Because it takes time to evaluate peers and communicate the results to students, the problem of feedback poses special problems in the hectic environment of a research university. Yet ingenuity may produce ways of improving feedback without requiring unreasonable amounts of faculty time. Greater efforts can be made to train graduate students to give more helpful, detailed comments on papers and exams. Professors can supply model answers or analyses of exam questions to explain the elements of a competent answer. Computers open up impressive opportunities for allowing students to test their comprehension of new and difficult material. These possibilities only underscore the need for more collective thought to find ways of giving adequate feedback that do not make excessive demands on faculty time.

Of all the opportunities for improving teaching and learning at Harvard, the least developed is undoubtedly research on the process of education itself. Like other universities, we have not succeeded in establishing a strong research program, responsive to deans and curriculum committees, where investigators can examine questions of practical significance to the faculties...

This is not to say that no work has been done along these lines....For example, a study comparing the writing abilities of freshmen and seniors disclosed that science concentrators often regressed, since they received so few writing assignments and often lacked an incentive even to express themselves in complete sentences. Following this study, several professors of large science courses increased the number of their writing assignments. In yet another study, surveys of students a year after completing the basic course in economics disclosed that most of them had retained the concepts they had learned but had forgotten much of the terminology and had spent little time reading articles about economic questions in newspapers and magazines. These results led to course revisions which weeded out some terminological detail, emphasized the conceptual material, and substituted contemporary issues on place of the abstract, classical problems previously given to the class.

These efforts are suggestive. They indicate that research, even in its current state of development, can still throw valuable light on specific issues of immediate practical significance. Yet a comprehensive program of educational research cannot dwell only on current questions. We must also develop more reliable techniques for evaluating educational programs and teaching methods. To that end, we hope to launch next year a faculty seminar on assessment under the leadership of Professor Richard Light, an expert in problems of evaluation. This seminar, which will include representatives from other universities, will consider the current state of educational research. In time, it will also design and sponsor some specific projects to investigate issues of particular interest to Harvard and similar institutions.

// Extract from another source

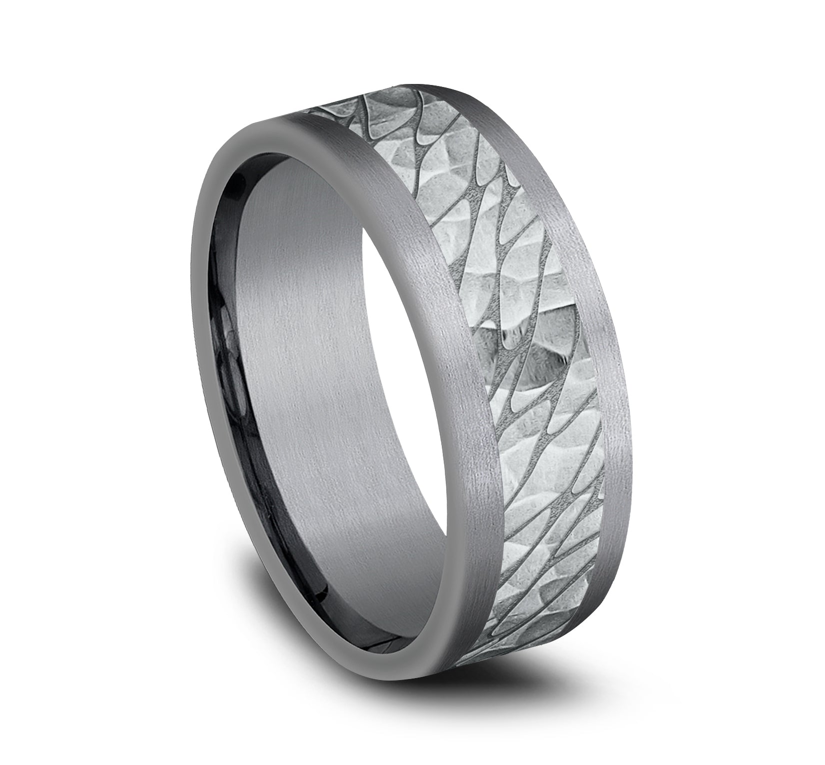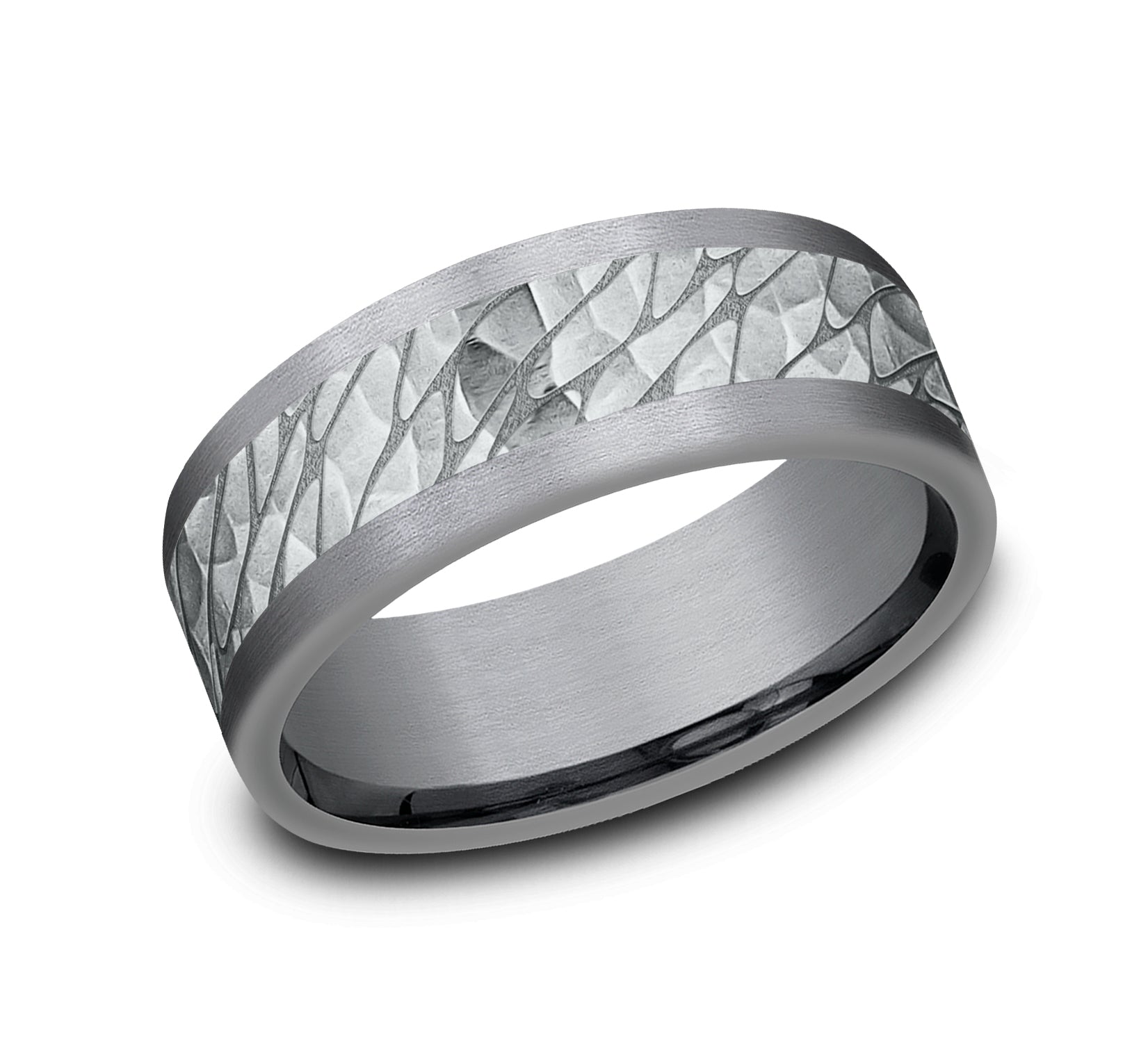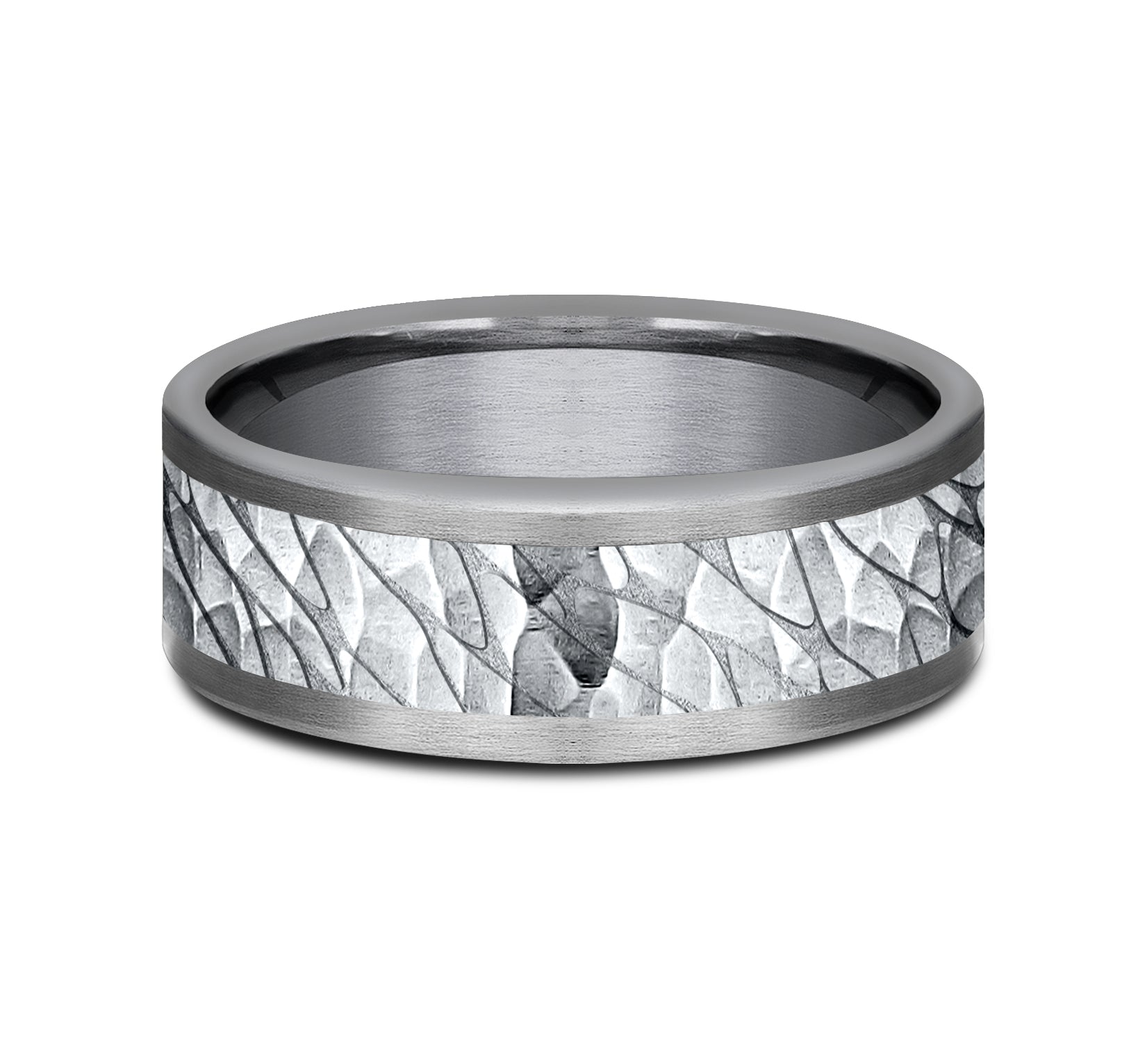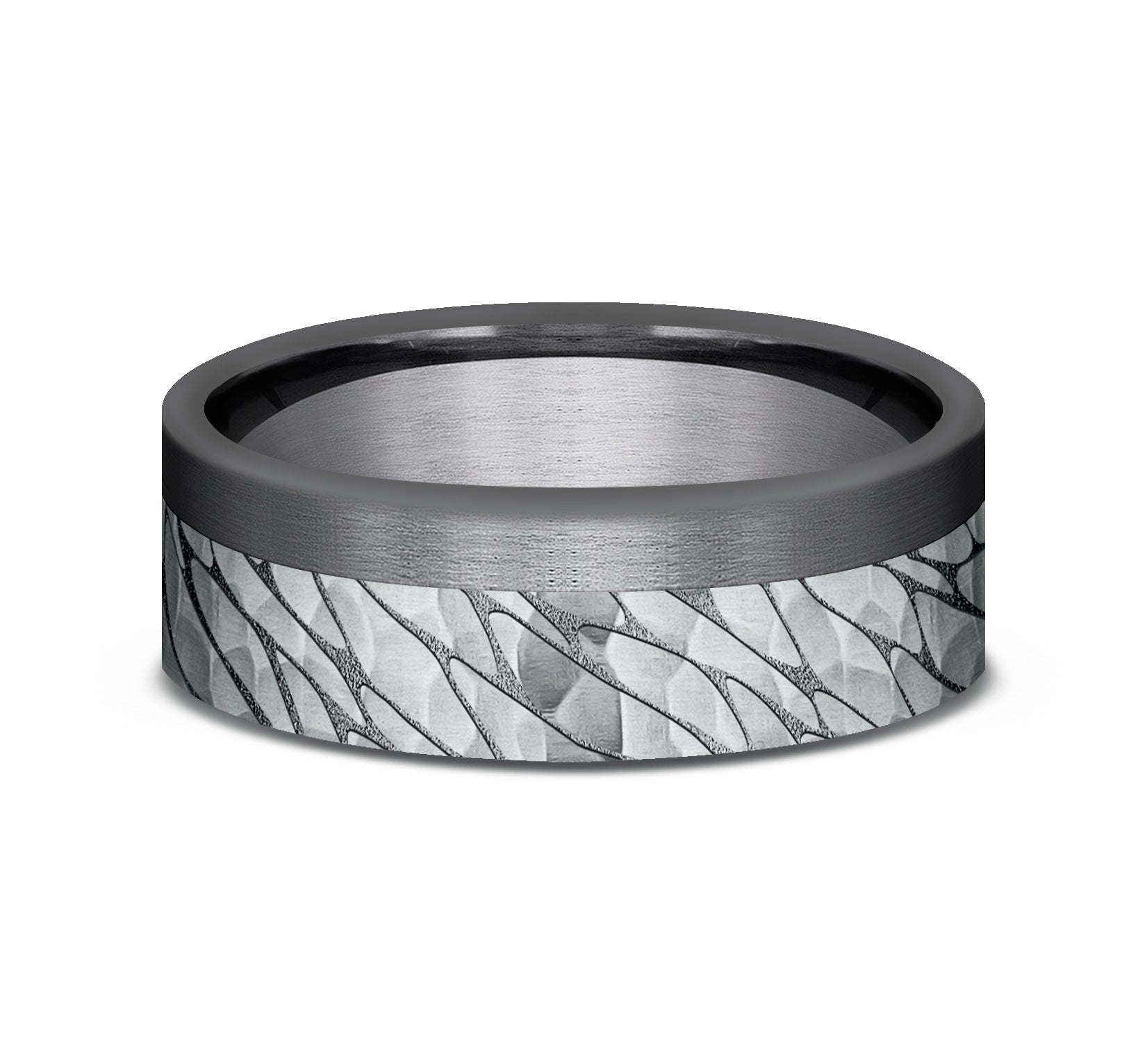6.5mm, Comfort fit 14K Yellow Gold and Black Titanium Pebble pattern with hammered finish

The importance of such work is already great and promises to grow even greater in the future. If government officials insist on assessing the quality of higher education in ways that will affect the lives of students and the welfare of institutions, it is essential that the means of evaluation be more sophisticated than the standardized tests currently used for these purposes...

Of course, we know efforts to evaluate education will be very difficult. Even so, they are no more difficult than many other problems to which committed scholars devote their professional lives. It would be anomalous not to pay the same, serious attention to understanding a process so central to the purposes of the University. Rather than hesitate, therefore, we should take inspiration from the story President Kennedy used to tell about the French General Louis Lyautey who once asked his gardener to plant a tree. The gardener objected that the tree was slow-growing and would not reach maturity for 100 years. "In that case," Lyautey responded, "there is no time to lose. We must plant it this afternoon."